Senior Supervisor N094 & N790
Image guided radiotherapy, multiparametric imaging for tissue characterization, pre-clinical animal research in the context of radiation oncology, dose response modelling, proton and carbon ion therapy.
High precision radiation oncology aims to destroy the tumor without damaging normal tissue and organs.
In order to achieve this delicate balance and to optimize treatment outcome in radiation oncology, following challenges are tackled in an interdisciplinary manner in clinical and pre-clinical medical radiation research.
First beam qualities (photons, electrons, protons, carbon ions) are characterized applying physical and biological methods (cell lines, spheroid/organoids, animal models).
Next, we perform research to improve our understanding of dose response at the molecular, cellular and tissue level. When applying radiation in cancer care, the role of imaging has dramatically increased ("if you can’t see it you can’t treat it, if you can’t treat it you can’t cure it").
Therefore, we develop and bring technological innovations in medical imaging into the clinic. Besides anatomic imaging, multiparametric functional imaging has become an important non-invasive tool for tissue characterization prior treatment and for response assessment. Although hardware developments have an intrinsic role since the advent of radiation medicine, software plays an equal role today.

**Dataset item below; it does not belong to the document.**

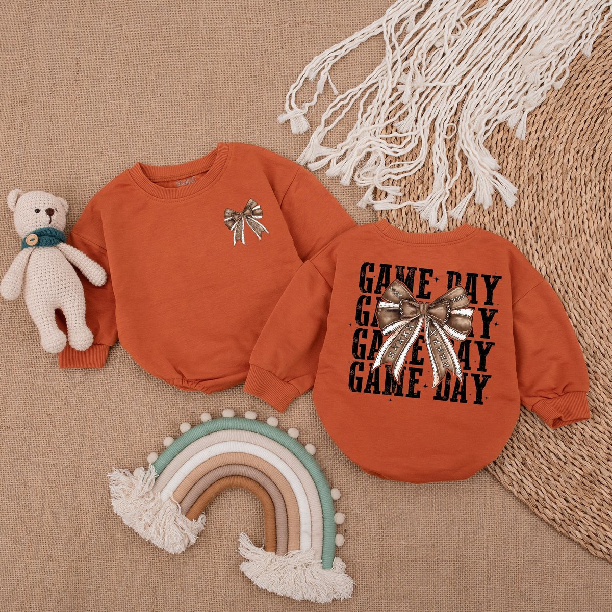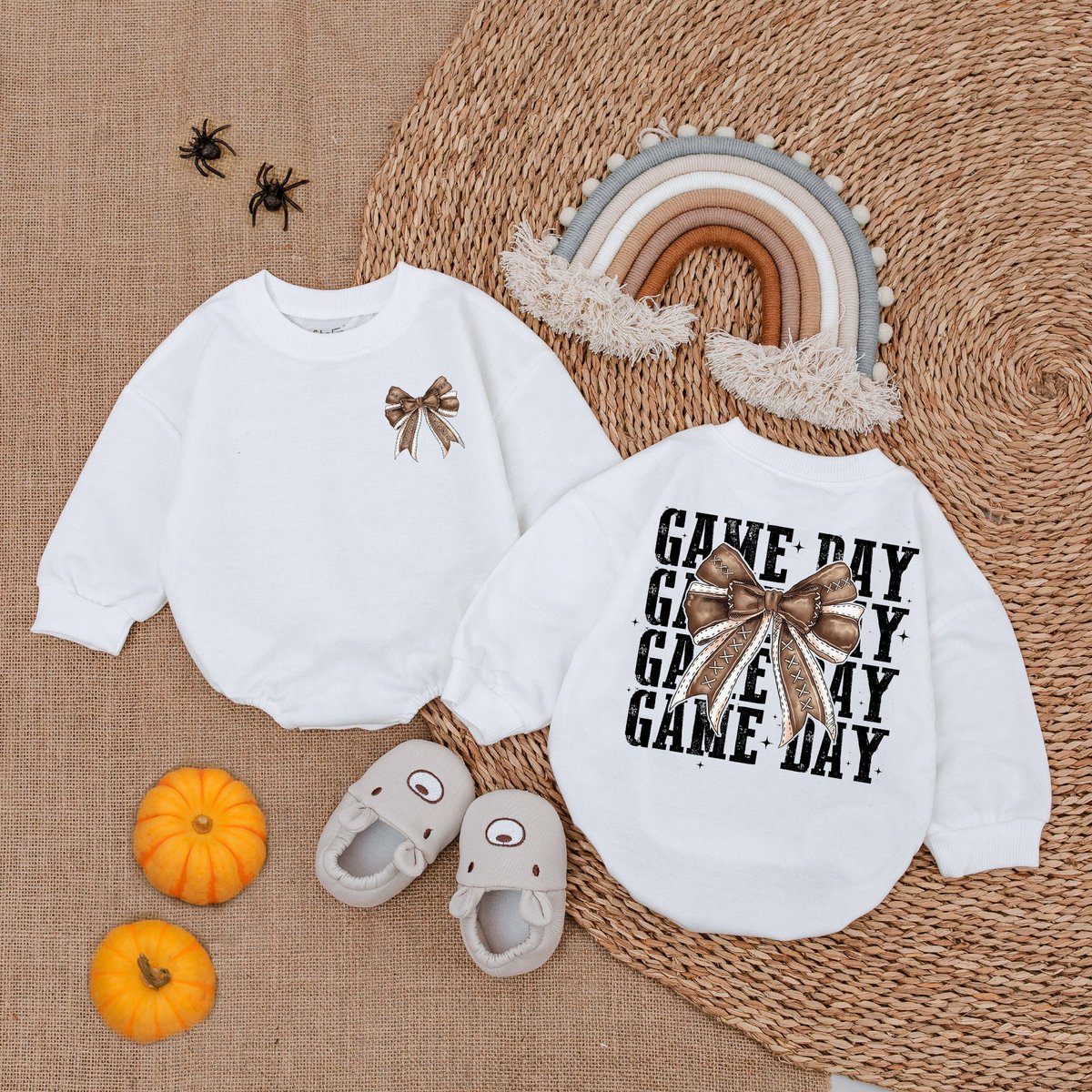 Football Season Baby Romper Football Bow Kid Jumpsuit for kid Football Baby Shower Bow Gameday kid S

Data Scientists develop tools to automate processes in the treatment chain (e.g. tissue segmentation, automated treatment planning, biological optimization, tumor sub-volume analysis) or to improve tissue sparing via image guided synchronization of organ motion and beam delivery. These developments are mainly knowledge driven approaches and based on artificial intelligence.
More recently we have started to build up a large clinical database to extract outcome information from real world clinical data to prove and generate clinically driven hypothesis.